3.Bölüm "Merhaba"

1.2K 45 2
                                    

3.Bölüm
"Merhaba"

 AŞKIN

     "Merhaba" dedi kalın sesiyle. Yutkundum.

     "Kimsin? Beni mi takip ediyorsun?"

     "Seni takip etmiyorum. Saçmalama. Adım Ensar." dedi ve elini uzattı. Kalbim hala son hızla atarken vücudum alev almıştı. Siyah gözleri gözlerime kesintisiz bakıyordu. Sarı saçları alnına doğru hafifçe uzamıştı. Çok yakışıklı değildi ama karizmatik duruyordu. Kalbim hala hızlı atıyordu. İçimde bir volkan patlaması olmuş ve magma tüm kalbime yayılmış gibiydi.

     "Aşkın." dedim ama elini sıkmadım. Elini cebine soktu ve omuz silkti. Dudaklarına yayılan mütevazi bir gülümseme vardı.

     "Ne olmuş aşkıma?" dedi. Ya cümleyi duymuş olmamdan ya da konuşmanın uzamasından kalbim ritmini hızlandırdı.

     "Adım bu, gerizekalı. Adım Aşkın." dedim öfkeyle. Öfkemin nedenini hiçbir zaman bilemeyecektim. Gülümsedi.

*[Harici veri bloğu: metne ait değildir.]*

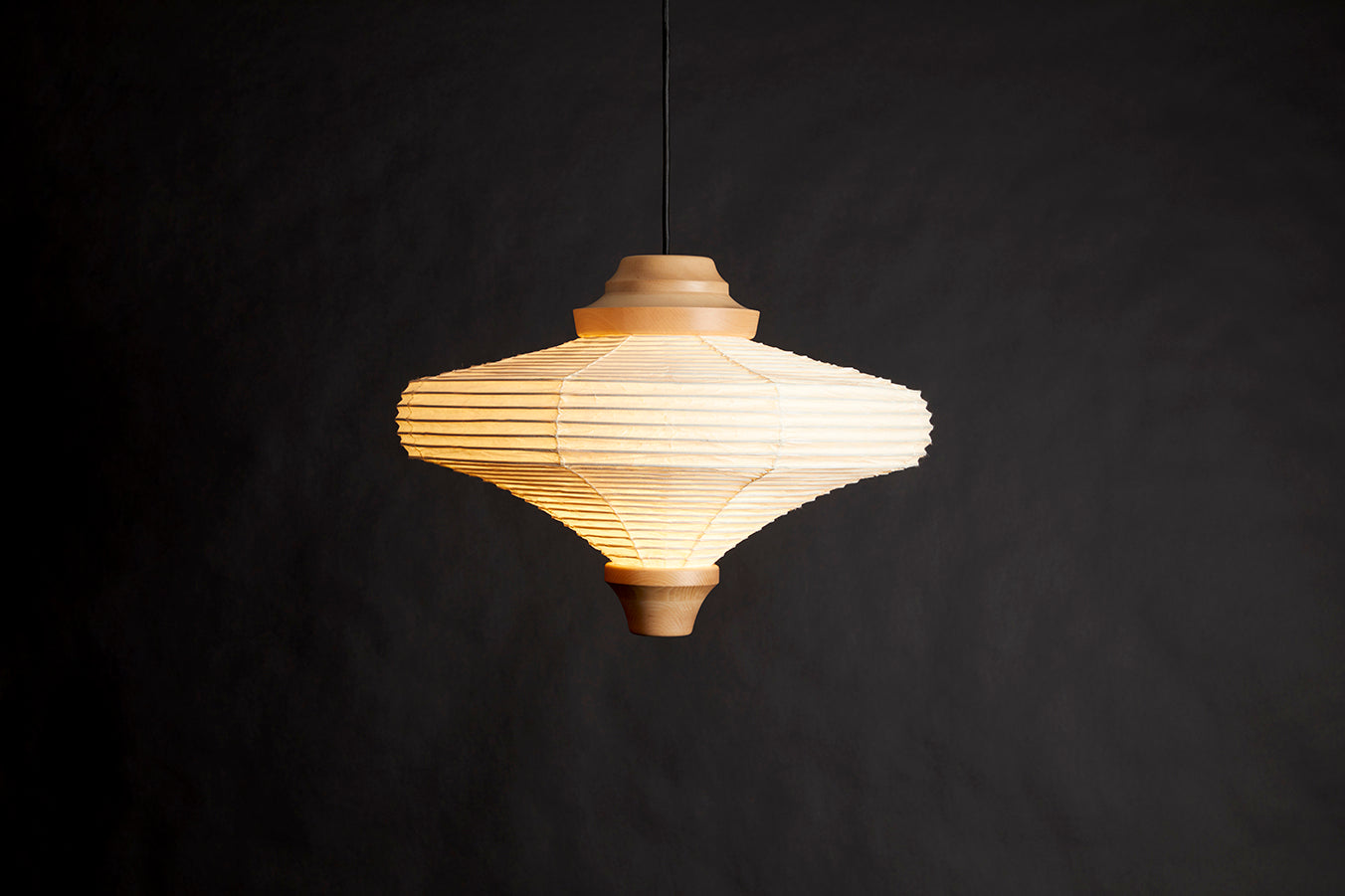 These series of lights are designed with the motif of a Japanese spinning toy. The light is created by skilled craftsmen of Japanese Traditional Lighting named “Chouchin”and craftsmen of Japanese traditoinal spinning toy. We could definitely say this is the true form of Japanese Chouchin.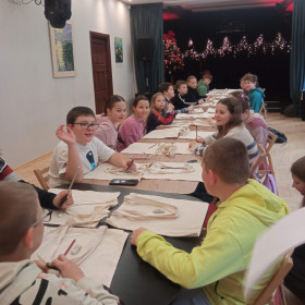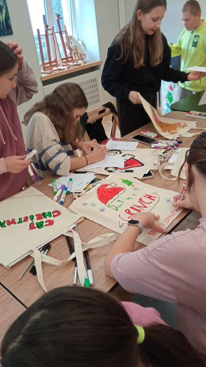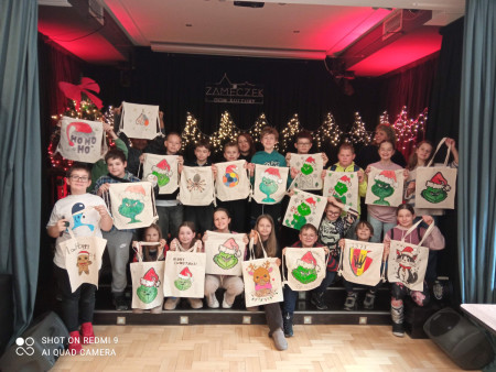 4 grudnia klasa 5b wzięła udział w wyjątkowych warsztatach mikołajkowych zorganizowanych w Domu Kultury „Zameczek". Uczniowie mieli okazję poczuć atmosferę zbliżających się świąt, tworząc własne, niepowtarzalne torby i worki ozdobione motywami bożonarodzeniowymi. Dzięki gotowym szablonom oraz specjalnym pisakom i kredkom do tkanin każdy mógł wykonać świąteczną dekorację według własnego pomysłu. Dzieci wróciły do szkoły z pięknymi pamiątkami, które na pewno przydadzą się nie tylko podczas świątecznych zakupów.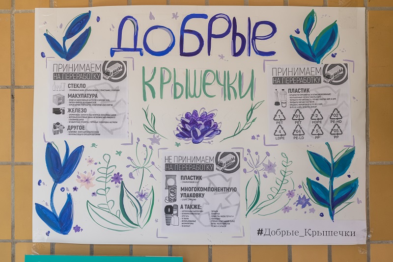 В тольяттинской школе №94 после экоурока сотрудники регоператора установили накопитель «Добрые крышечки». Ребята готовились к событию несколько недель. За это время они собрали с десяток пакетов с пластиковыми отходами и сразу же высыпали их в контейнер. А стену над накопителем украсили информационным плакатом.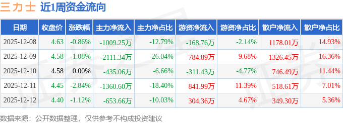 资金流向数据方面,本周三 力 士主力资金合计净流出5569.9万元,游资资金合计净流入1451.04万元,散户资金合计净流入4118.87万元。本周资金流向一览见下表: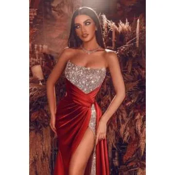 Show moreStep into the spotlight with our stunning Sparkly Sequins Bridesmaid Dresses, designed to make every occasion unforgettable. This exquisite mermaid prom dress features luxurious satin embellished with glittering sequins, ensuring you dazzle at any formal event. Crafted with a backless silhouette and a daring high slit, this gown elegantly showcases your silhouette while exuding a sense of sophistication and glamour. The adjustable strapless neckline and built-in bra offer comfortable wear, perfect for all-day festivities. Available in rich colors like classic black, gold, and flashier Hollywood-inspired styles, this formal dress is ideal for 2025 prom trends and beyond.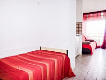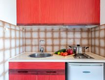 1 -sobni studio 22 m2 na 3. katu. Dnevni boravak/blagovaona s 1 kaučem za 2 osobe (120 cm, dužina 180 cm), TV-om. Predsoblje s 1 krevetom (80 cm, dužina 190 cm). Kuhinjska niša (2 ploče za kuhanje, mikrovalna pećnica). Tuš, odv. WC. Terasa 4 m2, prema sjeveroistoku. Garnitura za sjedenje. Na raspolaganju: Internet (wireless LAN [WLAN], besplatan). Parking. Dodatna informacija: najviše 1 kućni ljubimac / pas dozvoljen. Protupožarni alarm.- Značajke smještaja
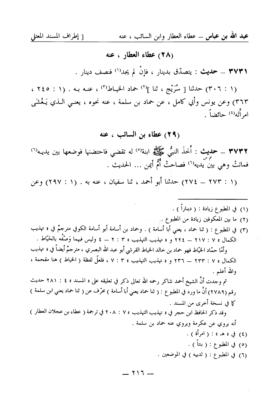 3731 - حديث: يتصدّق بدينار فإن لم يجد فنصف دينار. (1: 306) حَدَّثَنا سُرَيج، ثنا حمّاد الخياط، عنه به. (1: 245، 363) وعن يونس وأبي كامل عن حمّاد بن سَلَمة، عنه نحوه، يعني الذي يَغْشَى امرأتَه حائضاً.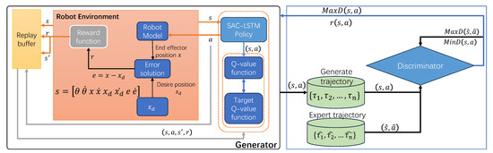 Fortunately, the proposal of GAIL solves the problem of time-consuming training in many tasks [21]. GAIL learns the optimal policy directly from expert data by combining Inverse RL (IRL) [22] with Generative Adversarial Networks (GANs) [23]. In [24], a GAIL-based DRL method is introduced to train an Autonomous Underwater Vehicle (AUV) to emulate expert paths. Similarly, in [25], a GAIL-driven navigation system for Unmanned Surface Vehicles (USVs) is proposed, which learns a policy to mimic expert trajectories. The above-mentioned references [24,25] use the on-policy algorithms PPO and Trust Region policy optimization (TRPO) [26] as generators, respectively [27]. Although the on-policy algorithm is stable, it is challenging to learn a superior control policy due to the expense of sample efficiency GAIL policy training. When the robot environment model is unknown, the exploration ability of the algorithm is crucial. Meanwhile, off-policy methods exhibit superior sample efficiency, but their training process is unstable [28]. Fortunately, by utilizing the LSTM network, the evolving patterns of joint positions over time are competently captured and comprehended, thereby mitigating instability during the training process of robotic manipulators for tracking control tasks. Therefore, the main focus of this paper is to embed LSTM into the SAC algorithm and utilize the resulting SAC-LSTM algorithm as a generator for GAIL training. This approach aims to address the trajectory tracking control problem for the end effector of manipulator systems under input saturation and random interference. The principal contributions are summarized as follows: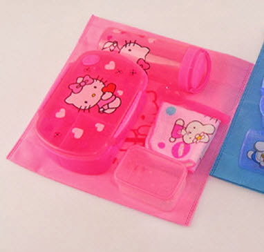 Teman perjalanan anda yang cute ini 1 set terdiri dari : handuk kecil, small storage, small cup, lunch box, hand bag, dan sendok kecil

     "Size kısaca 'Aşk' diyebilir miyim?" dedi yutkundum. Gerizekalı! Aşk diyecekmiş! Peh! Onu pas geçip yanından ilerledim. Sokakta hızlı atan bir kalp ve hızlı yürüyen adımlarla ilerliyordum. Önüme geçip her adını haykıran insanla böyle konuşamazdım ya. Hem kimdi o? Ne hakla bana 'Aşk' olarak seslenecekti? Karizmatik veya yakışıklı olması onu statü bakımından yükseltemezdi ya...

     Tak, tak, tak...

     Durdum. Bu ses beni normalde sakinleştiren şey olurdu fakar şuan sinirlerimi geriyordu. Hızla arkamı döndüm. Duvara dayanmış, bir ayağının tabanıyla duvara basıyordu. Kolunu dirseklerinden kırmış, kaldırmıştı. Yumruk olan elindeki işaret parmağı hafif çıkıktı ve duvara vuruyordu.

     Tak, tak, tak...

     "Neden bunu yapıyorsun?" diye bağırdım. Omuzlarını silkti. Ben gerildikçe onun rahat davranması sinirlerimle dalgaç geçmek gibiydi.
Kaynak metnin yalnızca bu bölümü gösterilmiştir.